Increementing of C works because. in print function it is reference value which can be incremented
These videoes really help me.
why my compiler shows the whole char array instead of prints out the first character of the array when i use cout to print C2?
Thanks very useful for me
If you increment the c pointer as in the last example. Do you need rewind it back to the original position, else it forever points at the newly incremented address?
Hi! After declaring C1 as character array and C2 as pointer to character, is C2 = C1 somehow the same as C2 = &C1[0] and the compiler does know that now C2 is usable as an array? (since we havent declared it with [] anywhere). Thanks!
At a point in this video he stated that declaring and intiliazing ( char A[4] = "JOHN" ) will give a compilation error but that doesnt happen. I checked it on two IDE,s GEEKSFORGEEKS and DEVC++
same here i dont know why? have you found out yet?
How does printing the string of character array with %s format work since arrays point to the first element of the array??How does the array name for the string go to all the different addresses of the elements??
please make more videos on programming
Thanks for the video it clear my concepts , there is some mistake you had said forward slash at 3:34 but you had actually used backward slash so please correct it as the other user does not get wrong undrstnding
very good video .You explain it beautifully . Other series kb ay gi ???
is it possible to declare a character array that will accept input without placing size to make it a variable size array or you have to explicitly set the size. by that i mean there is no initialization just declaration of it. so it can be used later on as the program executes to take user input
very well handed
do you have any youtube resources for c++ beginners covering the technical under the hood stuff, that dont just superficially walking you through writing a program?
what compiler are you used?
u r amazing sir!!
no he is not amazing......he made a lot of mistakes
@@sanambaloch2975 like to share those mistakes?
I think your videos are awesome. But in this video, I want to point one tiny thing, I don't think it matters, but print(char *C), it is passing arguments by value(not reference). In the book P.209 "Pointers behave like any other nonreference type. When we copy a pointer, the value of the pointer is copied. After the copy, the two pointers are distinct. However, a pointer also gives us indirect access to the object to which that pointer points. We can change the value of that object by assigning through the pointer" After I read this, I realized C/C++ has so many things need to pay attention to.
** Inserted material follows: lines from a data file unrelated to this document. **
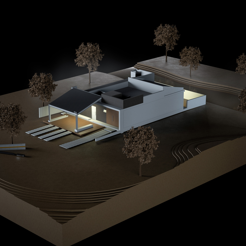 Al frente la cochera, área de almacenamiento y servicio, para dar privacidad desde el frente (calle). Desde el acceso principal llegamos a un espacio abierto, integrando sala-comedor-cocina, que a su vez se conectan mediante un ventanal de cinco metros a la terraza en la parte trasera, está diseñado como un área para reuniones familiares o de amigos que está separada del área privada y ofrece espacio para cocinar, comer o descansar. Al mismo tiempo, participa en un área al aire libre que es claramente diferente del resto de la casa, con vista al arroyo y la vegetación que lo rodea.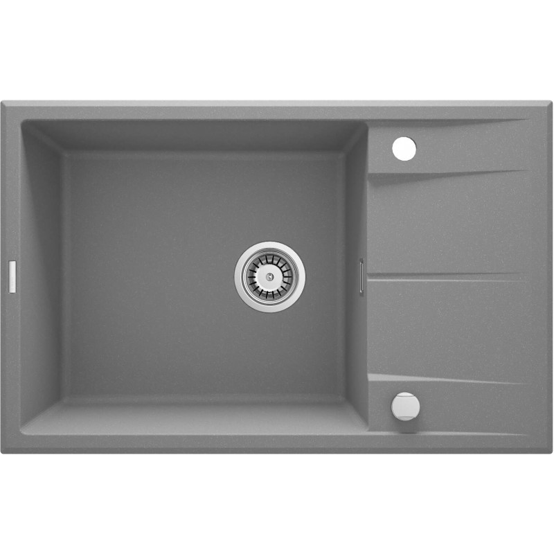 Deante Мийка кухонна Eridan, граніт, прямокутник, з крилом, 780х500х210мм, чаша - 1, накладна, металічний сірий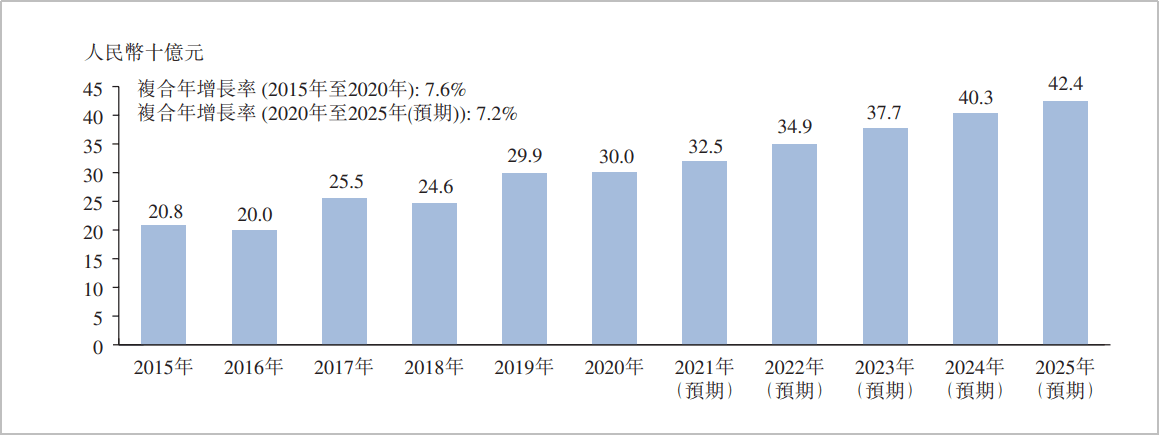 海参养殖业的产值从2015年的约人民币208亿元增至2020年的约人民币300亿元,复合年增长率约为7.6%。预计在未来五年中,由于消费者购买力日益提高,消费者群体扩大及消费升级,海参养殖业将继续增长。在消费升级及标准化行业法规的推动下,预计海参养殖的产值将从2020年的人民币300亿元增至2025年的人民币424亿元,复合年增长率约为 7.2%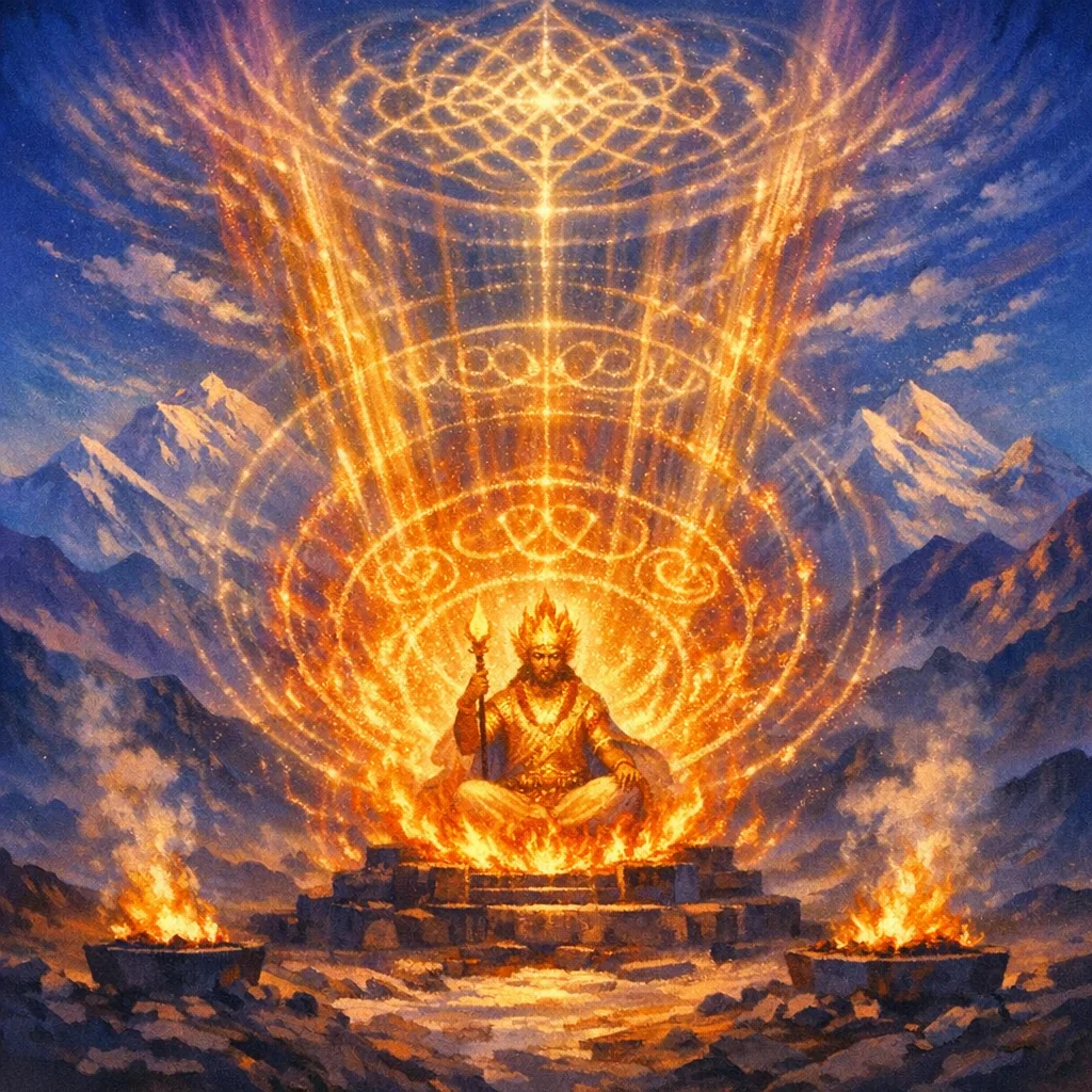 Agni as Jātavedas—ritual guide and luminous power who secures faultless sacrifice and protection in the sadas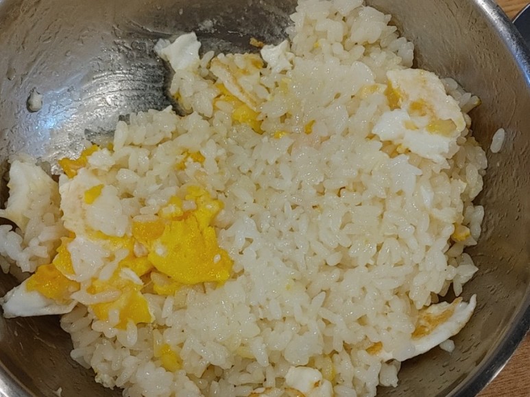 마가린 한 스푼 넣고 밥을 넣어서 비벼봤어요.

When printing c2[1], why is that printing out a letter? If c2 is a pointer to the address of the first character of c1, wouldn't: print c2[1]; print out 201 (the address of the second element of the array)? I could see how running: print *c2[1]; would give you 'e', but that's not what's written.
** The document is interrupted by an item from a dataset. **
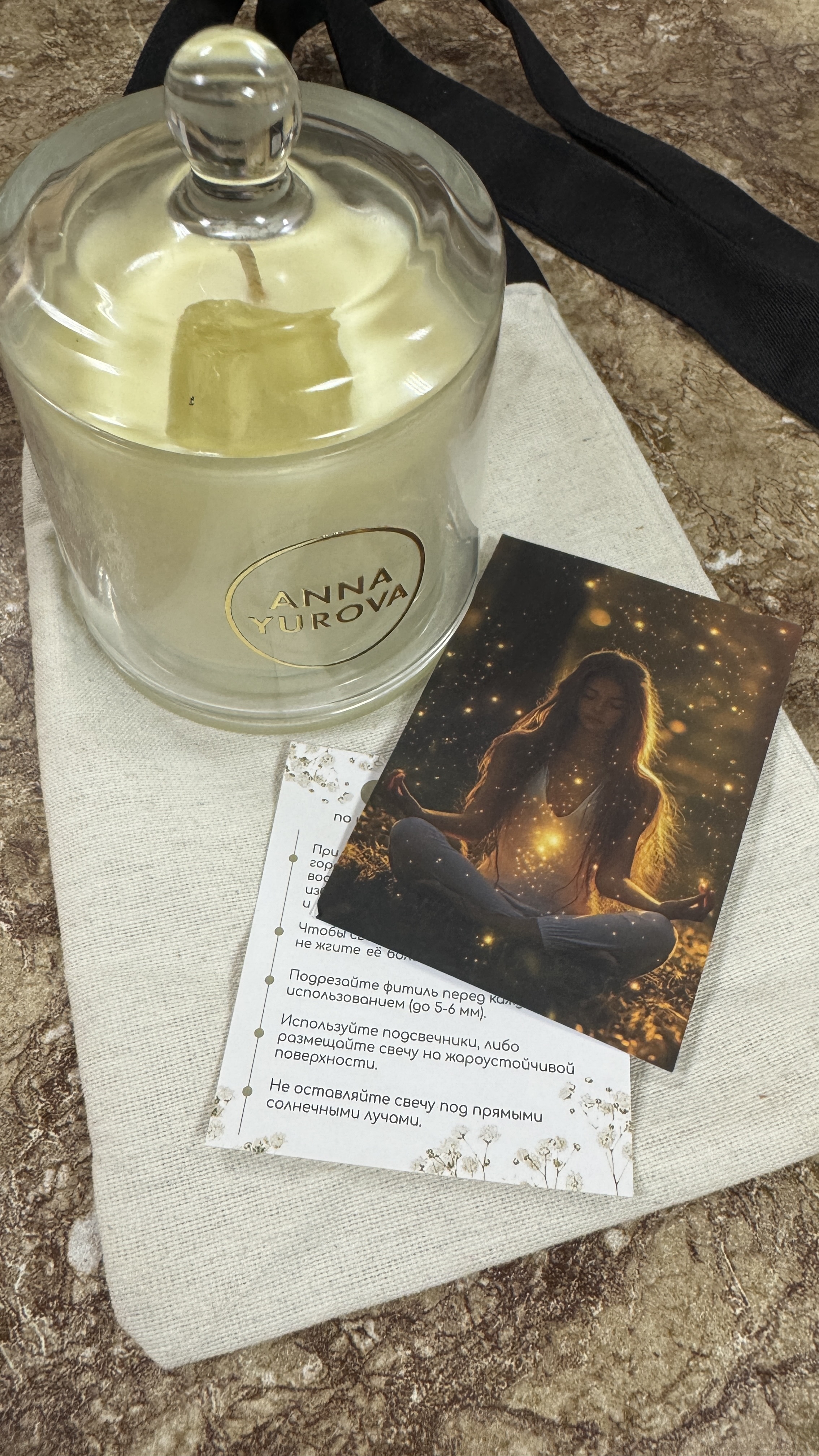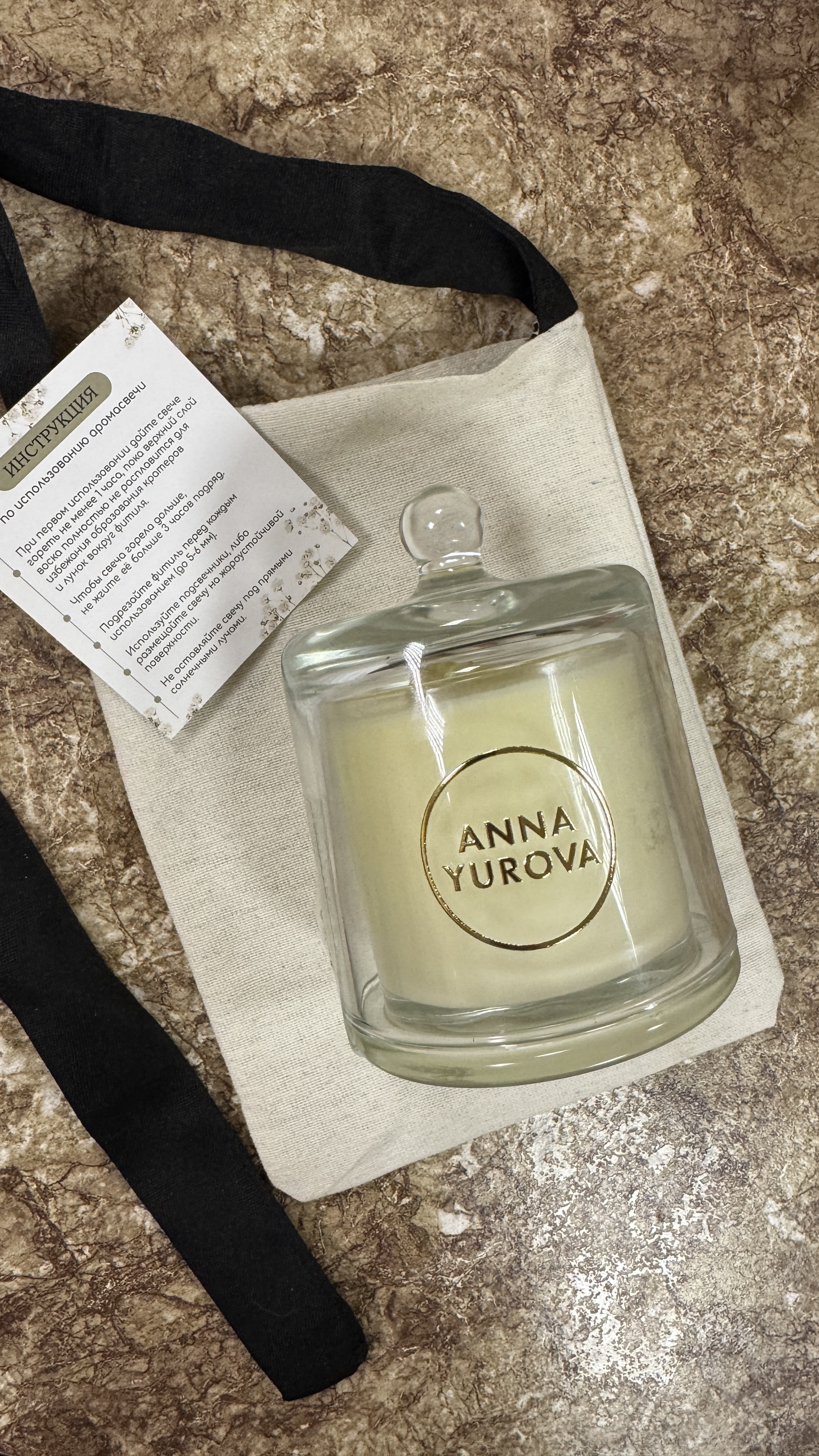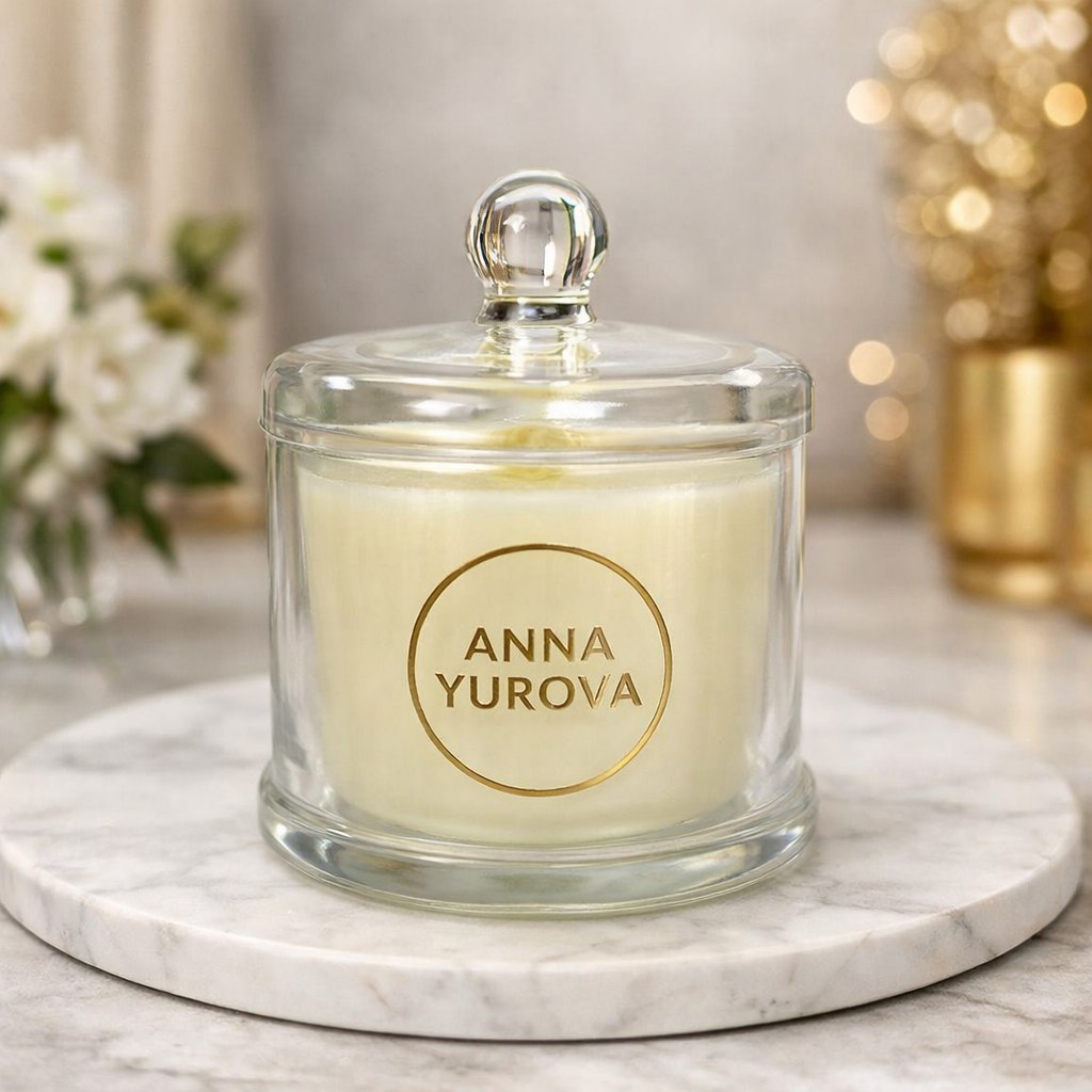 Упаковка: элегантный стеклянный подсвечник с золотым логотипом ANNA YUROVA.

Which compiler are u using?
9:24 why c2[1] is "l"? maybe it should be "e", as the second element of "hello"
indeed...that seems to be a mistake
Yep you are right that was a mistake
yes it is "e", not "l"
typing error.. you have much concentration.nice
Sweet
nice! :)
Lifesaver
sir which C compiler are you using
sir we can only icrement pointer variable only when it is assigned to other but how can we increment c.?
Dear author and all,
Why the output of program without character '\0' is ok, didn't see same your result?
I am using ubuntu 15.1 and g++ compiler.
thank!
In the last example I believe it will also work if the while loop was written : while (*C) . Meaning while *C is true , and it can only be true if it’s not null, is that correct? I suppose we can put it to the test.